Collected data
%%
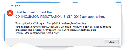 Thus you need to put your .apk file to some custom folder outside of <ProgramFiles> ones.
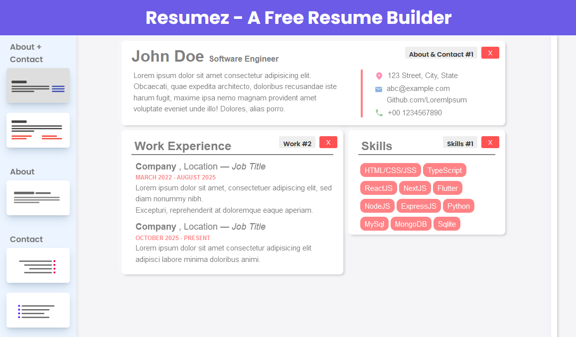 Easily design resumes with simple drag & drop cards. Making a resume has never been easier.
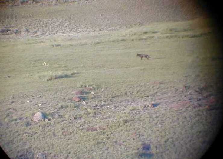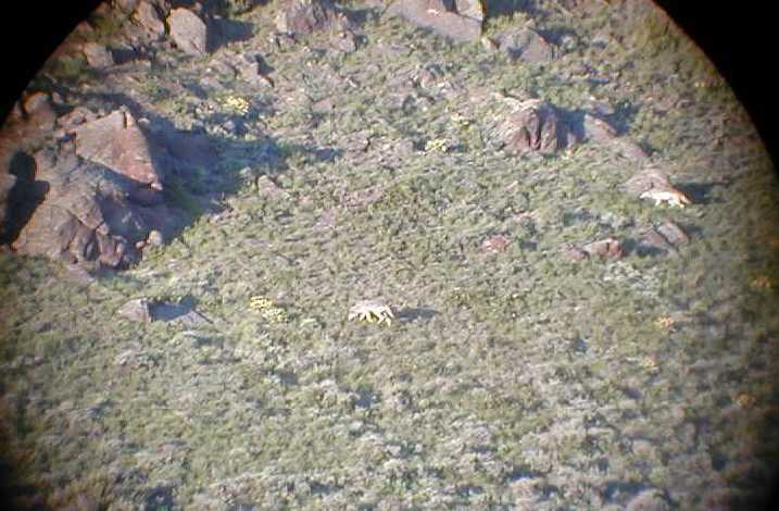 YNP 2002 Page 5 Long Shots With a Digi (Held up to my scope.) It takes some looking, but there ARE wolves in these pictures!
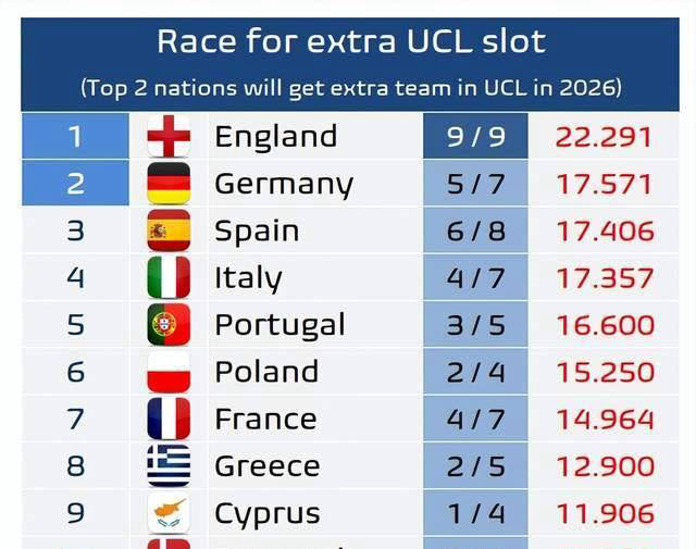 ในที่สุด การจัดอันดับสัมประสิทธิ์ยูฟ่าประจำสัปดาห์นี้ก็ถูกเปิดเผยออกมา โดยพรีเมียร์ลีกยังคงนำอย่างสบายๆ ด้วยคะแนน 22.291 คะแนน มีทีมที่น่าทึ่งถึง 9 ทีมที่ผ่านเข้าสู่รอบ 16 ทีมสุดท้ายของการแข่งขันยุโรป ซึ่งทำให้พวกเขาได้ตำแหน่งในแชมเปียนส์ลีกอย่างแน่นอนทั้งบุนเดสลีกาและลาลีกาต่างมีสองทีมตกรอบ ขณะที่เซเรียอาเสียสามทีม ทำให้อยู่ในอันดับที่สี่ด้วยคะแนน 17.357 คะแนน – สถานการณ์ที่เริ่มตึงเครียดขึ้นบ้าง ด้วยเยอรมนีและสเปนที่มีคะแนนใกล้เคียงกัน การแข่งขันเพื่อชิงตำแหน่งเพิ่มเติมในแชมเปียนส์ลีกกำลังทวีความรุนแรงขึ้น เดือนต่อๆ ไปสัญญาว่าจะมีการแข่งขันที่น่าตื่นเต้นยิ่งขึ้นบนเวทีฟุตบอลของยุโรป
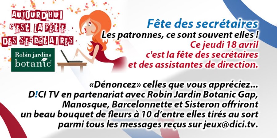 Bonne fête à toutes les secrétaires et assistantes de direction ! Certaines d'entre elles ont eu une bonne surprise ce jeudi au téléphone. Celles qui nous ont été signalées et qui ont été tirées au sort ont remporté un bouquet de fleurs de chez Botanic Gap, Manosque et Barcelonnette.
%%
__PROMPT__: Could you reproduce exactly, and only, the lines from the start of the records through the line containing "YNP 2002 Page", leaving out the pictures?

__SOLUTION FOR THIS TASK__:
 Thus you need to put your .apk file to some custom folder outside of <ProgramFiles> ones.
 Easily design resumes with simple drag & drop cards. Making a resume has never been easier.
 YNP 2002 Page 5 Long Shots With a Digi (Held up to my scope.) It takes some looking, but there ARE wolves in these pictures!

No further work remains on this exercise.